- There are two primary types of individual retirement accounts, including traditional IRAs and Roth IRAs. These two types of accounts have some similarities, but also some significant differences. While both types of accounts provide certain tax advantages, Federal tax laws and IRS regulations only allow you to deduct contributions made to a traditional IRA. Contributions made to a Roth IRA are not tax deductible and must be made with after-tax dollars.
- Anyone who is under 70 1/2 years of age and who has earned income can contribute to a traditional IRA. If you are married and you file a joint income tax return, both you and your wife can have and contribute to separate traditional IRAs, even if only one of you has earned income. You can open a traditional IRA at any time during the year, and take a deduction for contributions made up until the time you file your federal income tax return, but no later than the due date, which is typically April 15 for the previous tax year. You can contribute to your IRA regardless of whether you are covered by a pension plan at work, although there may be some restrictions on your tax deductions.
- The deductible portion of your traditional IRA may be affected by your income if you or your spouse is covered by a pension plan at work. If you filed as single and your adjusted gross income exceeded $56,000, your deduction will be reduced or eliminated. If you were married and filed a joint return, your deduction would be reduced if your adjusted gross income exceeded $89,000. If you were married and filed a separate return, you would not be able to take a deduction if your adjusted gross income was $10,000 or more.

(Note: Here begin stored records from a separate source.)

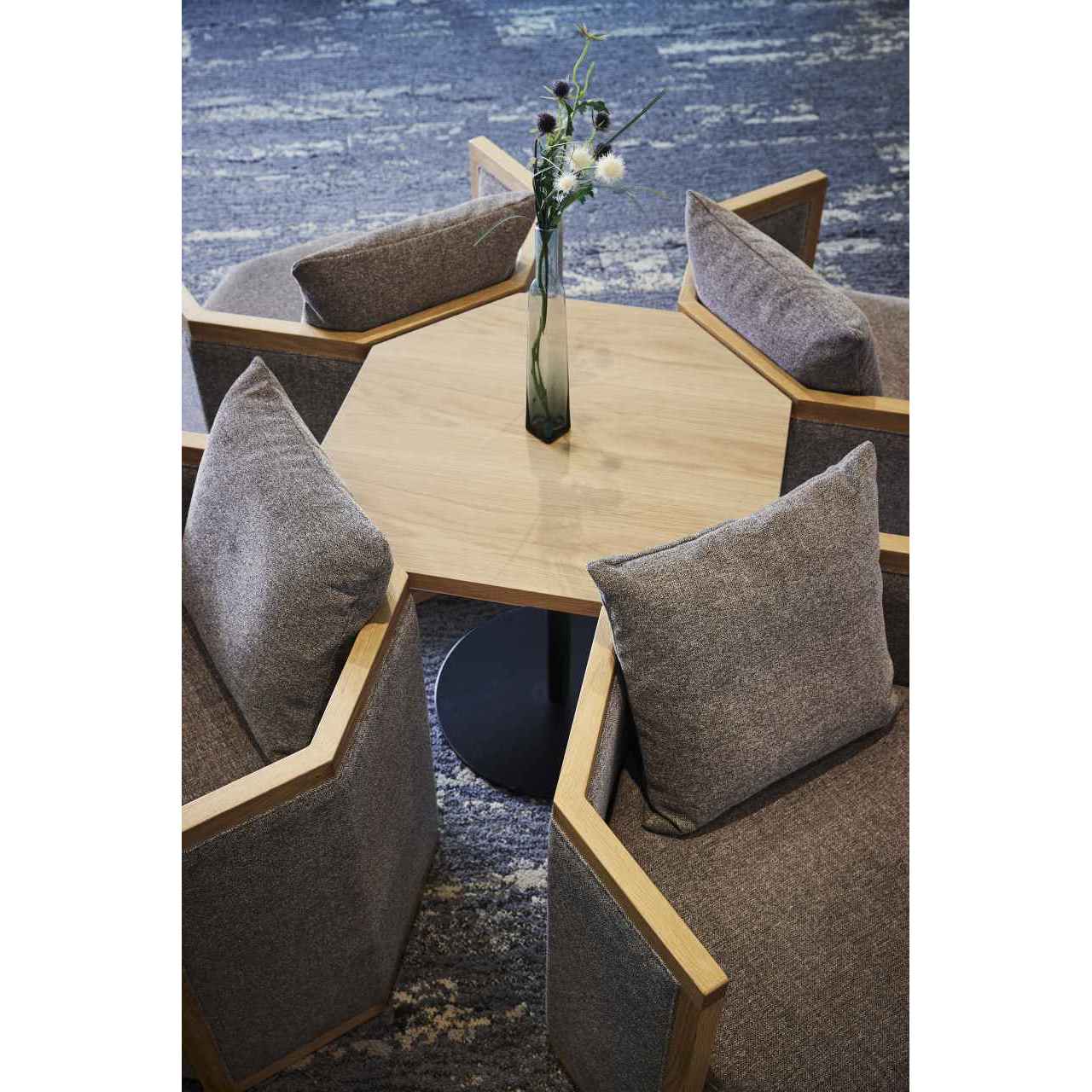 W013の魅力を引き立てる専用デザインのサイドテーブルです。八角形の天板を採用することで、W013との統一感を保ちながら自由度の高いレイアウトに対応できます。天然木(ビーチ材)を用いた上質な仕上がりで、コンパクトながら存在感のあるサイズ感が特徴です。カフェやレストラン、待合スペース、オフィスのミーティングルームなど幅広いシーンに最適で、木製椅子と組み合わせることで空間全体に洗練された調和をもたらします。
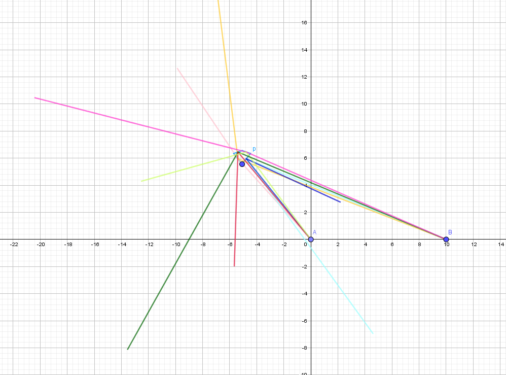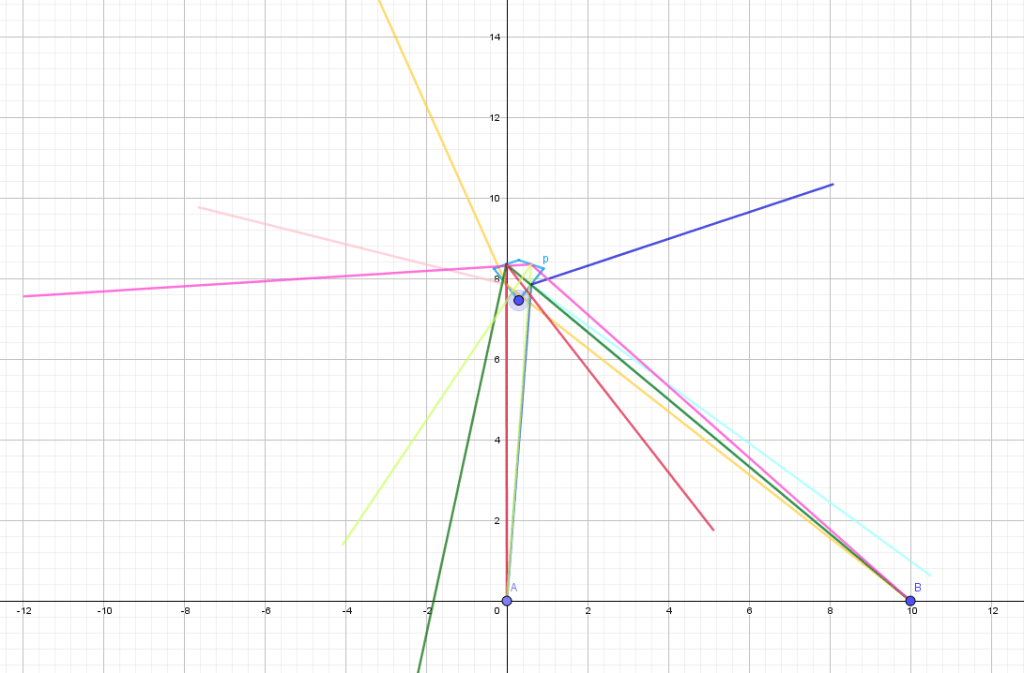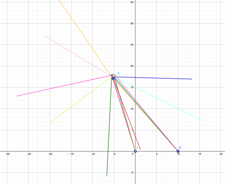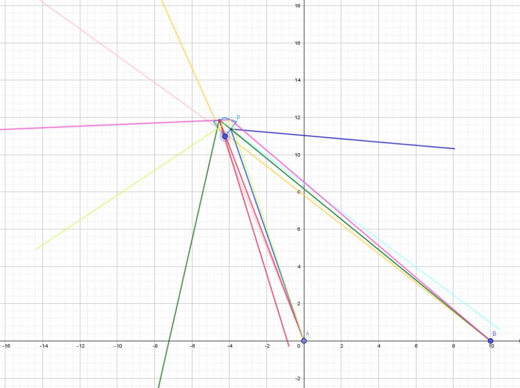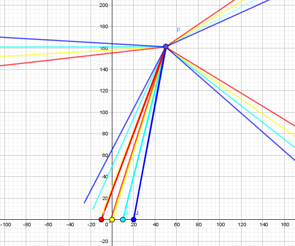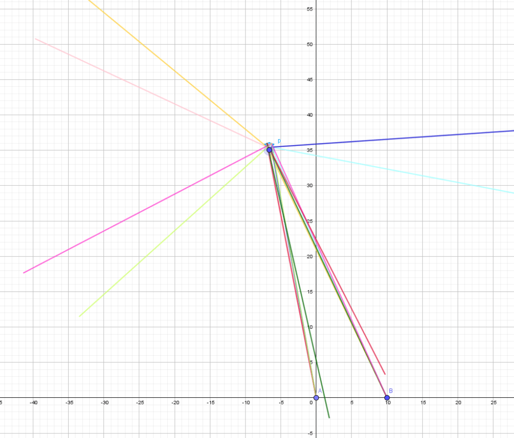 Here the radar is at the origin of the axis, and the stealth target above in blue. The 4 lines going from the stealth target are the reflections. Here is a closer look at the reflections:
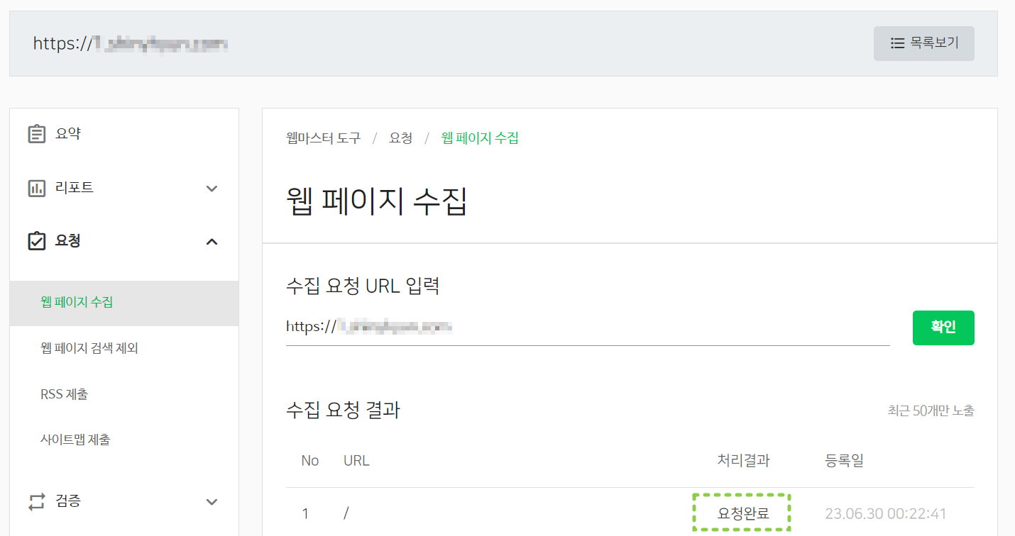 이 역시 티스토리를 수집하는 도구로써 반드시 수집요청진행을 해주어야 합니다.
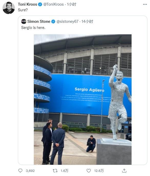 178直播05月14日讯 消息,有网友称曼城的阿圭罗雕像神似皇马球星克罗斯,克罗斯在推特上做了回应。
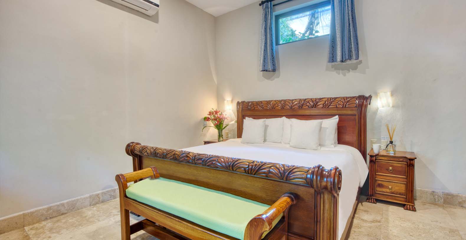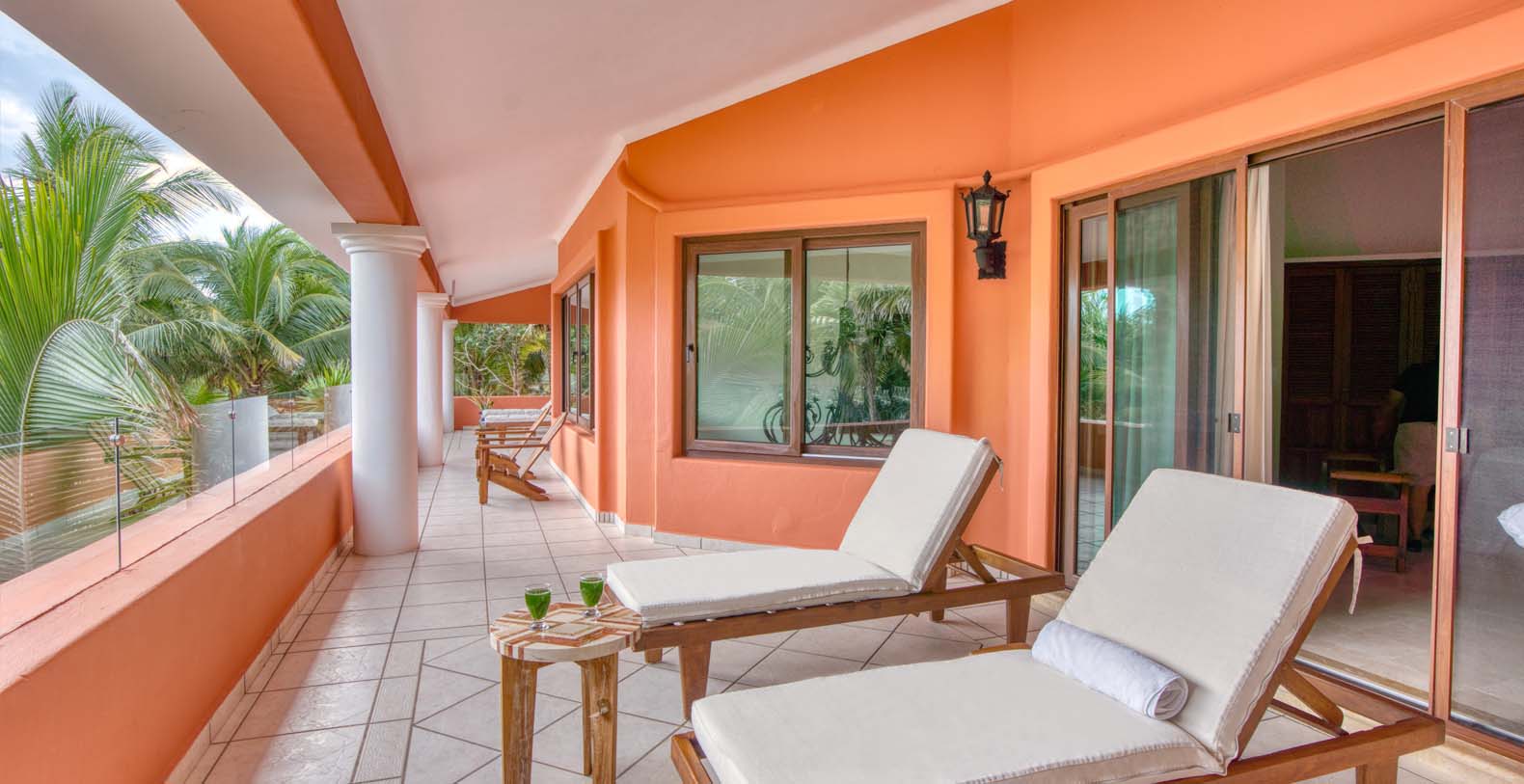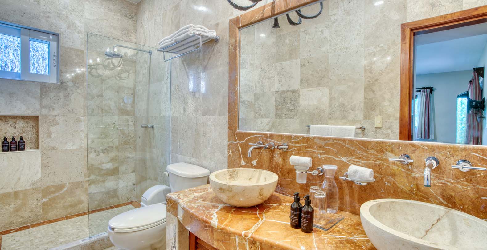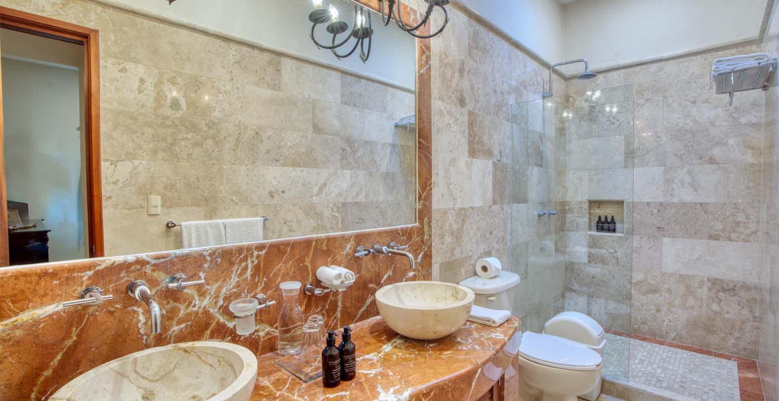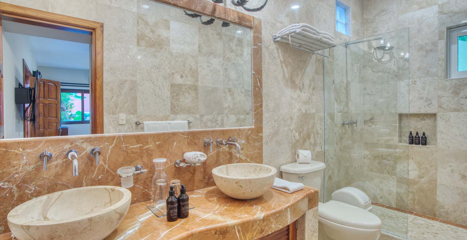 There are five artistically designed air-conditioned bedrooms with fourteen foot ceilings inside the villa, two bedrooms are furnished with two queen size beds, two bedrooms are furnished with one king size bed and one bedroom is furnished with one queen size bed. There are also four lovely guesthouses located outside, two of the guesthouses are furnished with two king size beds and the two other guesthouses each have one king size bed. Each of the nine bedrooms are equipped with ceiling fans, satellite TV, a DVD player, and a security safe. Casa Yardena's magnificent decor was inspired by Mexican architecture and craftsmanship. Every Bedroom has its private luxurious marble bathroom and the Master bathroom has a Jacuzzi tub with an incredible view of the Caribbean.

- The IRS does not stipulate a difference between employees who were covered by a pension plan for the entire year or a part of the year. The IRS considers you to have been covered by a pension plan if either you or your employer contributed to your account at any time during the year. The IRS considers you to have been covered by a pension plan if you are eligible to contribute to a 401(k), even if you do not contribute to it. If you meet the age and service requirements to participate in a pension plan offered by your employer, the IRS considers you covered by that plan, whether or not your have worked long enough to become vested in the plan. The IRS notes that employers typically check the Retirement Plan box on your W-2 to indicate that you were covered by a pension plan.